■ **TASK STATEMENT**: Restate verbatim the span of lines below between the line with "Brown 4000 Pulper" and the line with "4 ED-1 Compressor", including those two lines, and only that span.

■ **ENTRIES PROVIDED**:
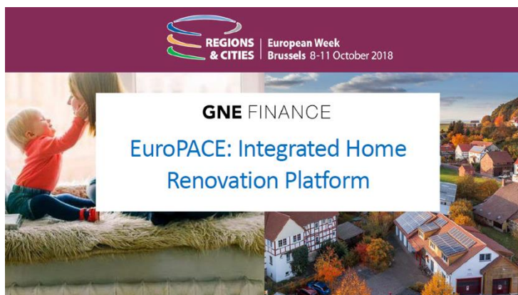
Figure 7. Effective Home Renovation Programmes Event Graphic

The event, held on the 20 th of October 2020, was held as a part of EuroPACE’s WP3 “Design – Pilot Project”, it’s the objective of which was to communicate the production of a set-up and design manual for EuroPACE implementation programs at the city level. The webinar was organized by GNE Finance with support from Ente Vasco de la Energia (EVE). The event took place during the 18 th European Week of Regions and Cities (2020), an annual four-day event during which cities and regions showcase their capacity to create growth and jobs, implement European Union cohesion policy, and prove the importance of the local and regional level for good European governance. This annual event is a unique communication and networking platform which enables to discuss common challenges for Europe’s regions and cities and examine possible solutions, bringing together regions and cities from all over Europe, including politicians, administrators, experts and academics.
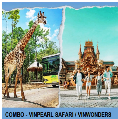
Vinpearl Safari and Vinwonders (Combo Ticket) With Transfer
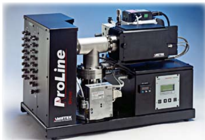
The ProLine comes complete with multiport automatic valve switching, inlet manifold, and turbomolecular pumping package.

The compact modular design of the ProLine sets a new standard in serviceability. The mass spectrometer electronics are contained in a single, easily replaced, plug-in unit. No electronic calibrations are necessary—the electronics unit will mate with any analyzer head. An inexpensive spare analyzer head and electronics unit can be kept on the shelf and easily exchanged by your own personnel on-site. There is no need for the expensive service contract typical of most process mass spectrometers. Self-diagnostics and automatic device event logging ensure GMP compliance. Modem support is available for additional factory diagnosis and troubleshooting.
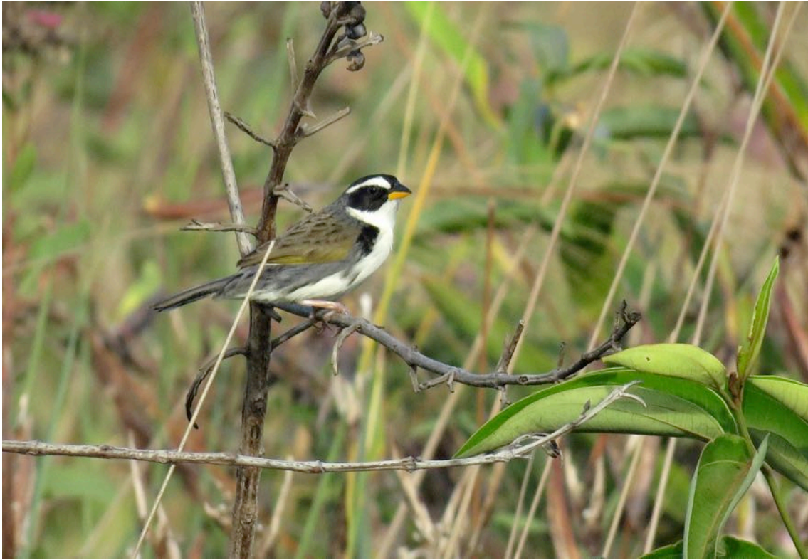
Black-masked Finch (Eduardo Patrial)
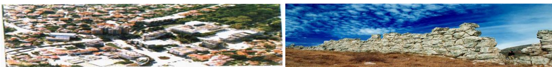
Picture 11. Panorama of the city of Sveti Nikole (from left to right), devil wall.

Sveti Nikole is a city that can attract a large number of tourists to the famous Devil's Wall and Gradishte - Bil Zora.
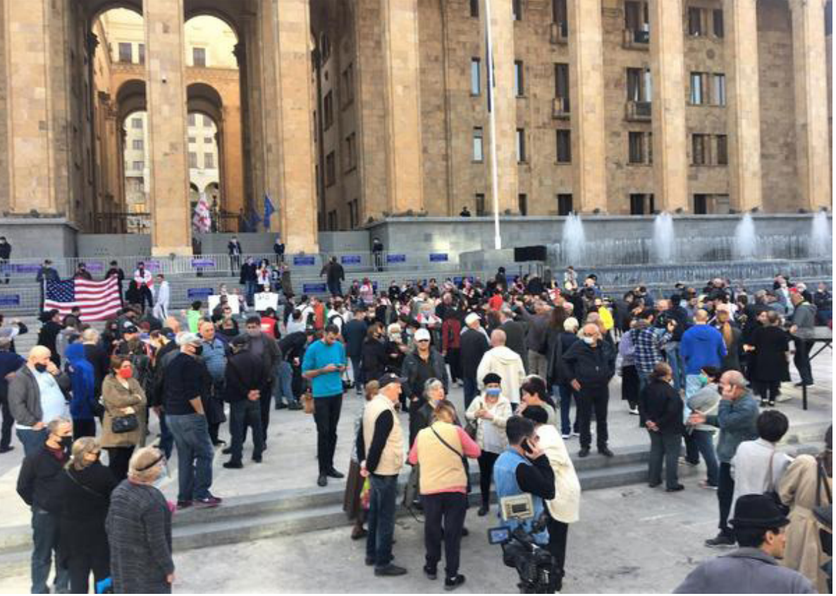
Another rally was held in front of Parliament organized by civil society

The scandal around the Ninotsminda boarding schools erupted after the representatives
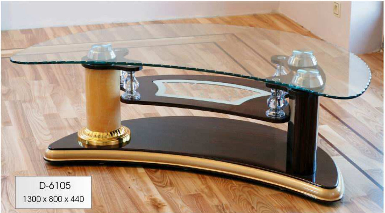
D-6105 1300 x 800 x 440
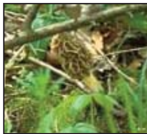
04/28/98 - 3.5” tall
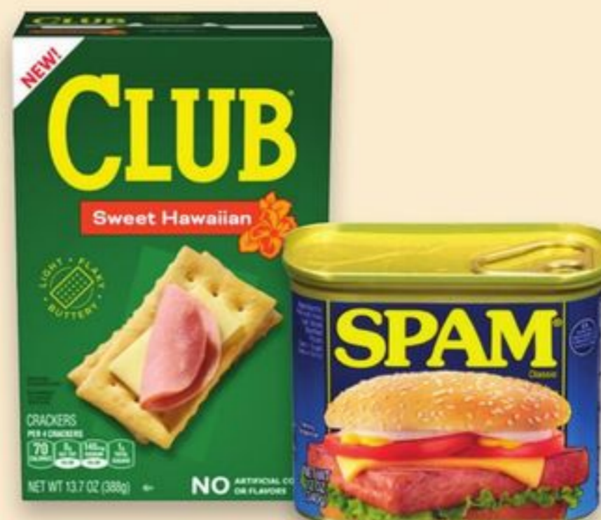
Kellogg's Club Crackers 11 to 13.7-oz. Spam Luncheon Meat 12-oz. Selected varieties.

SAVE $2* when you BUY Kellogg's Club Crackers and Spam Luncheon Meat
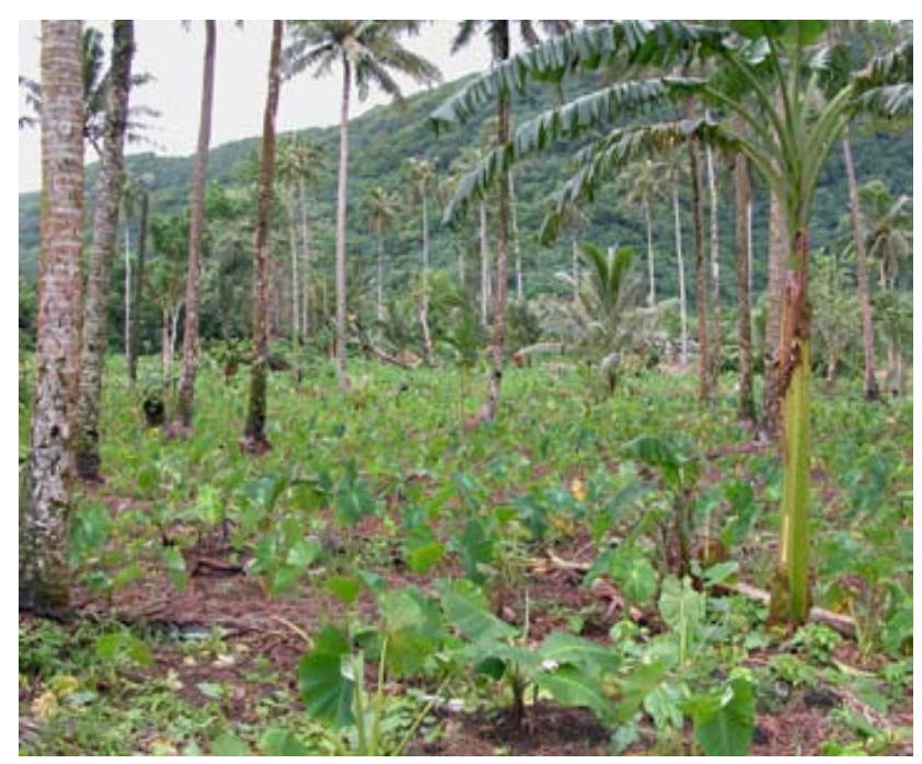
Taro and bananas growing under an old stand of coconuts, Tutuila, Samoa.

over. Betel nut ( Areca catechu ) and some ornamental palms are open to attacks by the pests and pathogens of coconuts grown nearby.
---
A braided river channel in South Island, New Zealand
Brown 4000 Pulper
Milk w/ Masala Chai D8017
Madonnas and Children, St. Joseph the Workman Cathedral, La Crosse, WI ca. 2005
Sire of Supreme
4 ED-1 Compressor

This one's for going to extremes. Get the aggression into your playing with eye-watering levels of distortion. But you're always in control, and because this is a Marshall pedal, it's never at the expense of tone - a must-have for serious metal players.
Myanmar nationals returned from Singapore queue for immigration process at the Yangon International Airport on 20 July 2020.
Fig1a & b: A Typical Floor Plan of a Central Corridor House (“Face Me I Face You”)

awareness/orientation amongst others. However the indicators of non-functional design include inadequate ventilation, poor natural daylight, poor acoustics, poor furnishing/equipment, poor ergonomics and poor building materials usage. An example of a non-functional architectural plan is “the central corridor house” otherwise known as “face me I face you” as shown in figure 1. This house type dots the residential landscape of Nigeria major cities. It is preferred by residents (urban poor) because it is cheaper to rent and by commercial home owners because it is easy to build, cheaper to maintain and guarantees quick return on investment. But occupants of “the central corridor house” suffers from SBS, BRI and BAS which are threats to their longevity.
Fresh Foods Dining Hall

■ **REPLY TO THE EXERCISE**:
Brown 4000 Pulper
Milk w/ Masala Chai D8017
Madonnas and Children, St. Joseph the Workman Cathedral, La Crosse, WI ca. 2005
Sire of Supreme
4 ED-1 Compressor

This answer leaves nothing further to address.